Türkisblau eingebunden, in der Farbe des Meeres, von dem wir alle träumen, auf der Vorderseite ein Foto dreier Damen, die im Badeanzug mit Strohhut am Strand sitzen – so präsentiert sich Louise de Vilmorins "Liebesgeschichte" als ideale Urlaubslektüre, die es auch tatsächlich ist.
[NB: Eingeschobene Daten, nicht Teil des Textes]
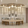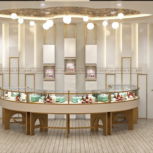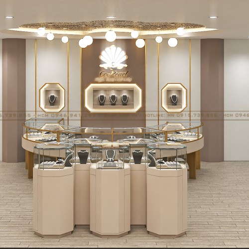 Khu vực trung tâm của shop là nơi tỏa sáng với những thiết kế trưng bày độc đáo. Các tủ được thiết kế theo hình dáng đa giác hoặc bo tròn mềm mại, sử dụng kính cường lực kết hợp viền kim loại mạ vàng hoặc đồng. Đặc biệt, bên trong mỗi tủ đều được lắp đặt hệ thống đèn LED ánh sáng trắng ấm, làm nổi bật vẻ đẹp tinh khiết và ánh sắc tự nhiên của từng viên ngọc trai.

Zwei Freundinnen, die unterschiedlicher kaum sein könnten, die bürgerliche Gattin Catherine Valle-Didier und die recht freizügige Marise Lejeand, verbringen gemeinsam die Ferien in der Normandie. Dort bietet eine "sehr alte", "sehr reiche" Amerikanerin den beiden ihr Haus an, da sie selbst in Begriff steht abzureisen. Zum ‚Inventar’ gehöre indes ihr Enkel, Peter von L., der sich nach sechs Jahren an den Fronten des Zweiten Weltkriegs, in dem er zwei Brüder und den Familienbesitz verlor, dort erholen soll. Vor allem aber muss ihm der Tod der Angebeteten verheimlicht werden, da diese Nachricht ihn nach Meinung der Ärzte umbrächte.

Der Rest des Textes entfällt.